親知らずは、歯科医と相談して抜く・抜かないの判断を
親知らずは、必ず抜かなければならないものではありません。
まっすぐに生え、周囲の歯は歯ぐきに悪影響を及ぼしていなければ、基本的にはそのまま残し、歯としての機能を全うさせる方が良いでしょう。
しかし、斜めに生えている、周囲の歯や歯ぐきに悪影響を及ぼしている場合などは、総合的な判断のもと、抜歯をおすすめすることがあります。
また、たとえ埋まっている親知らずであっても、歯ぐきの炎症や痛みの原因になっていることもありますので、こちらも抜歯の適応となります。
このように、さまざまな要素を統合した判断が必要となりますので、「痛みがないから」という理由で放置するのではなく、機会を見て、一度当院にご相談ください。もちろん、痛みや炎症などの症状が現れている場合には、できるだけ早くご相談ください。
親知らずが引き起こす症状
親知らずは、ときに以下のような症状を引き起こします。症状が現れたら、できるだけ早くご相談ください。症状が現れる前であっても、画像検査などにより抜歯をする/しないの判断をすることができます。
虫歯による痛み
親知らずやその手前の歯は、歯ブラシが届きづらいため、虫歯のリスクが高くなります。虫歯が悪化すると、痛みが生じます。
歯・歯ぐきを圧迫することによる痛み、炎症
親知らずが斜め、真横などに生えている場合、歯や歯ぐきが圧迫され、痛みや炎症を起こすことがあります。
隣の歯を押すことによる歯並びの乱れ
親知らずが傾いて伸びると、隣の歯を押し、その隣、その隣と、歯並びを悪化させることがあります。
隣の歯を押すことによる歯の根の吸収
親知らずが隣の歯を押すように生えると、その隣の歯の根が吸収されることがあります。最悪の場合、親知らずだけでなく、隣の歯まで抜歯する事態に陥ります。
伸び過ぎによる粘膜の傷、炎症
特に上顎か下顎のどちらかの親知らずだけが生えており、咬み合う歯がない場合には、その親知らずが過剰に伸び、粘膜を傷つけることがあります。また、傷から細菌が入り込み、炎症を起こすこともあります。
清掃の不足による口臭
歯ブラシの届きづらい親知らずに汚れが溜まったり、虫歯になることで、口臭を引き起こすことがあります。
親知らずを抜歯した方が良いケース
症状の有無にかかわらず、将来的なリスクを考慮し、以下のようなケースは基本的に抜歯をおすすめします。
- 親知らず、親知らずの手前の歯が虫歯になった
- 親知らずの周囲の歯ぐきに痛み、炎症が起こっている
- 親知らずが斜めや横を向いており、歯並びに影響する可能性が高い
- 親知らず周辺の空間が狭く、歯ブラシが届かない、清掃できていない
妊娠のご予定がある方へ
妊娠中は、食事の回数の増加、つわりによる歯磨きの不足、ホルモンバランスの変化により、虫歯や歯周病が起こりやすい、また悪化しやすい時期です。
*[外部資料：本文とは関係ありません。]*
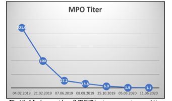 Fig (4): Myeloperoxidase (MPO)Titer in response to vasculitis treatment between January 2019 and June 2020
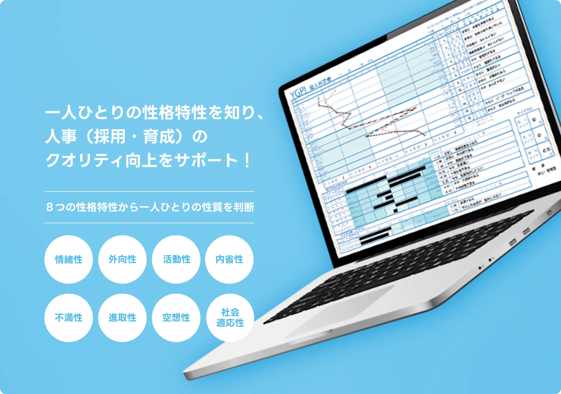 YGPIは、120問の質問に対する回答を心理統計学を用いて分析することで、受検者の特性を把握できる「性格検査」です。弊社は、創設者の辻岡美延がYGPIの開発に携わって以来、50年以上にわたり研究・実績を重ね、多くの資料を蓄積。科学的根拠のある信頼性と妥当性の高い検査結果を提供することが可能です。
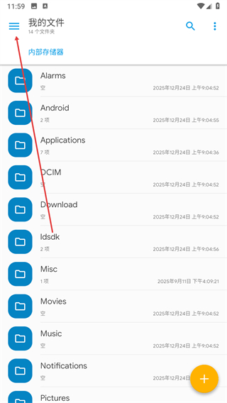 1、打开Solid Explorer的我的文件界面,点击左上角三条杠图标展开侧边栏菜单。
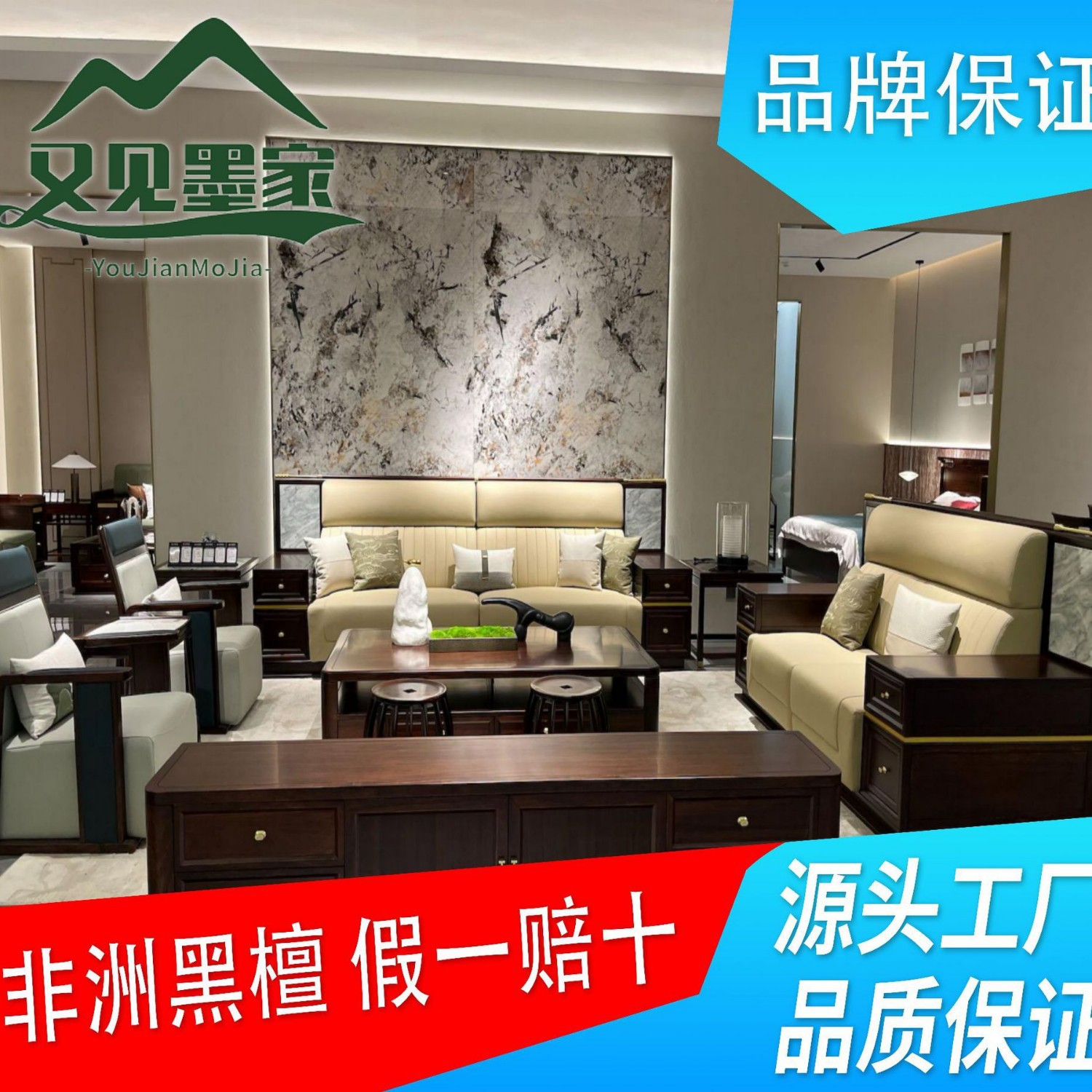 Новый китайский стиль, африканский эбеновый диван, легкая роскошь, диван для гостиной, кожаный диван, комбинация из массива дерева
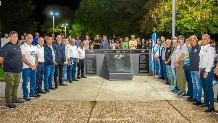 Este jueves 2 de abril por la mañana se llevó a cabo el acto como todos los años en la plazoleta “Héroes Caídos”, en donde se rinde homenaje a los cuatro soldados juninenses que dieron su vida en defensa de la soberanía como Gustavo Seitún, Alfredo Jurio, Ricardo Gurrieri y Miguel Ángel Solano.

それまで痛みや炎症がなかった方も、妊娠を境に症状が現れることがあります。できれば妊娠前に、お口のトータルチェックの意味も込めて、一度ご相談ください。親知らずの状態を確認し、必要に応じて抜歯を検討します。
妊娠中も、親知らずの抜歯は可能です
妊娠前に受診できず、妊娠期間に入ってから親知らずの症状が現れた場合、5カ月目以降であれば抜歯が可能です。
麻酔やCT検査がお腹の赤ちゃんの健康に影響を与えることはありませんが、お気持ちの問題として、やはりご不安な方もいらっしゃるかと存じます。できるだけ、妊娠を希望した段階でご相談ください。